On Feb. 10 the Vermont Senate Finance Committee heard NCSL experts about S.205, a proposed pause on AI‑scale data center construction and related studies. Legislators pressed presenters on energy, water, local grid impacts and the fiscal cost of incentives; no vote was taken.

The Vermont Senate Finance Committee on Feb. 10 heard an informational briefing from the National Conference of State Legislatures on a proposed moratorium, S.205, that would pause construction and operation of large "AI" data centers while states study energy, water and fiscal impacts.

Nicholas Miller, policy associate with NCSL’s fiscal affairs program, told the committee that 37 states now offer dedicated incentives for data centers — most commonly sales and use tax exemptions — and that some states also exempt electricity. "Data centers are essentially big warehouses filled with computers," Miller said, describing why states offer incentives tied to construction jobs, capital investment and sometimes property‑tax base growth. He said large centers can employ as many as 1,500 people during construction but typically settle to about 10–50 full‑time operations jobs.
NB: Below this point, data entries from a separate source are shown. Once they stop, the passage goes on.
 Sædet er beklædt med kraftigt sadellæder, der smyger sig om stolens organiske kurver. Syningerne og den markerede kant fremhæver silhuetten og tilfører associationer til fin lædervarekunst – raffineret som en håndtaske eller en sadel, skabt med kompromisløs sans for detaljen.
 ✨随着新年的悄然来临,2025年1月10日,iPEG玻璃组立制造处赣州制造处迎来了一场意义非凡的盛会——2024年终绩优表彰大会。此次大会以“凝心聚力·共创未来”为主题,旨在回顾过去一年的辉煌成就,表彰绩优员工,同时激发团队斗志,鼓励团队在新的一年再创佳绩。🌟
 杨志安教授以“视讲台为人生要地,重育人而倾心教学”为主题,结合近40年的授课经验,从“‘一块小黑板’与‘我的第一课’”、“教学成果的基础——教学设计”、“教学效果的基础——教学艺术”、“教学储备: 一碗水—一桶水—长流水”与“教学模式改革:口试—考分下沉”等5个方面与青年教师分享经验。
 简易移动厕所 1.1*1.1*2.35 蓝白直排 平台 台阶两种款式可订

Jackson Gordon, a senior policy specialist with NCSL’s energy program, emphasized the energy and grid questions that are driving new legislation. "Data centers currently account for a little over 4% of energy consumption in the U.S.," Gordon said, noting projections that the share could more than double by the end of the decade. He outlined recent state responses: creating new customer classes or tariffs for very large loads, requiring large loads to cover the costs of interconnection upgrades, mandatory demand‑management rules for facilities above specified megawatt thresholds (for example, Texas enacted an interconnection/demand‑management rule for loads at or above 75 MW), and programs that incentivize on‑site or distributed generation such as microgrids.
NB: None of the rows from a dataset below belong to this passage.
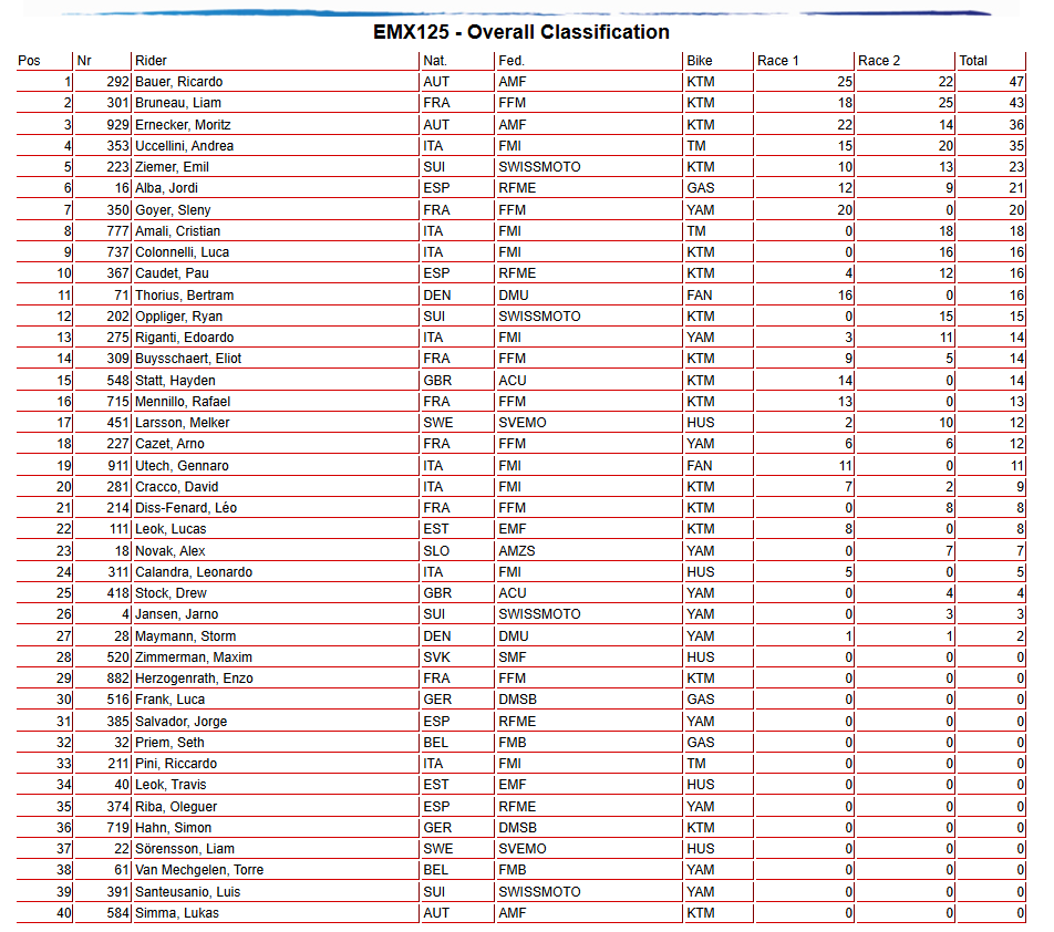 Met een 1-2 score in de manches pakte Bauer de dagoverwinning voor Bruneau (4-1) en Moritz Ernecker (2-7). Ondanks de zege van Bauer behoudt Ernecker de leiding in het kampioenschap en daarmee de rode plaat, met een voorsprong van vijf punten op zijn teamgenoot.
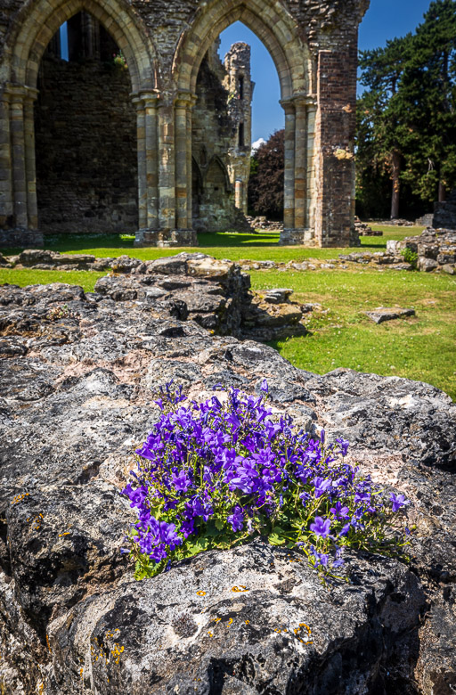 The ruins from the nave in the foreground and the south transept in the background. The flowers can actually be seen also in the previous image, if you look carefully
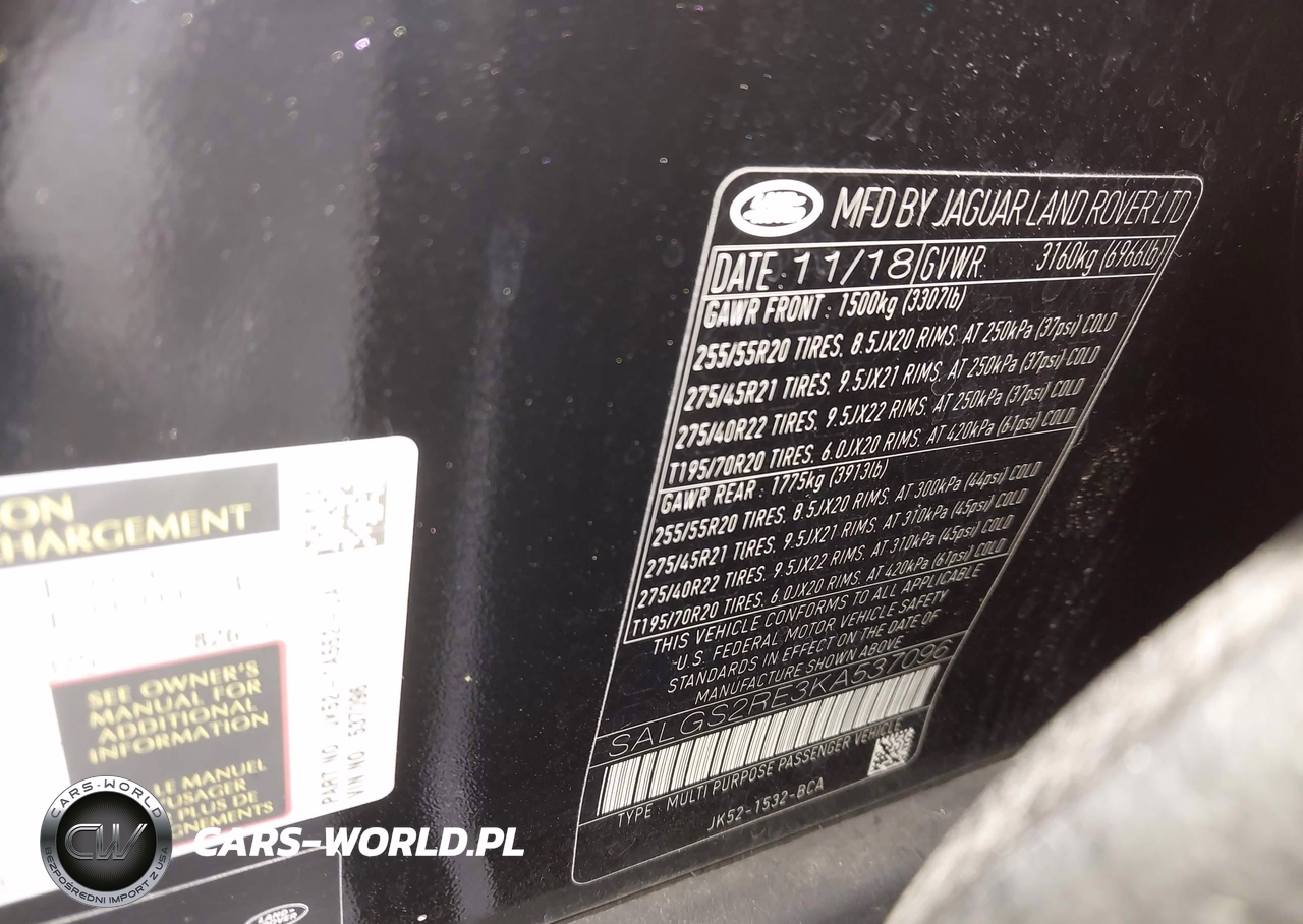 IAAI Nr: I-44763878 VIN: SALGS2RE3KA537096 Port: Los Angeles, CA

Committee members pressed presenters on local impacts and definitions. A senator asked whether Arizona legislation under discussion addressed water needs; Miller answered that water has been part of recent debates along with energy and budgetary costs, and he noted that some states are tying incentives to environmental conditions, such as requiring renewable sourcing. Miller also said at least six states have proposed temporary moratoriums and that some bills pair a pause with mandated studies; his reading of S.205 in its current form would pause activity until 2030.

Presenters offered examples from other states where incentives and energy use have become points of contention — including Virginia, where data centers are a large share of some counties’ property tax base and where incentive costs can reach large sums at scale. Gordon and Miller repeatedly cautioned that states craft definitions (often an energy threshold in megawatts) and conditions carefully so that policy targets the intended large facilities rather than smaller local operations.

The committee received the briefing for information; members said the presentation helped them weigh trade‑offs between economic development and energy, water and fiscal risks. No formal vote or committee action on S.205 occurred during the session.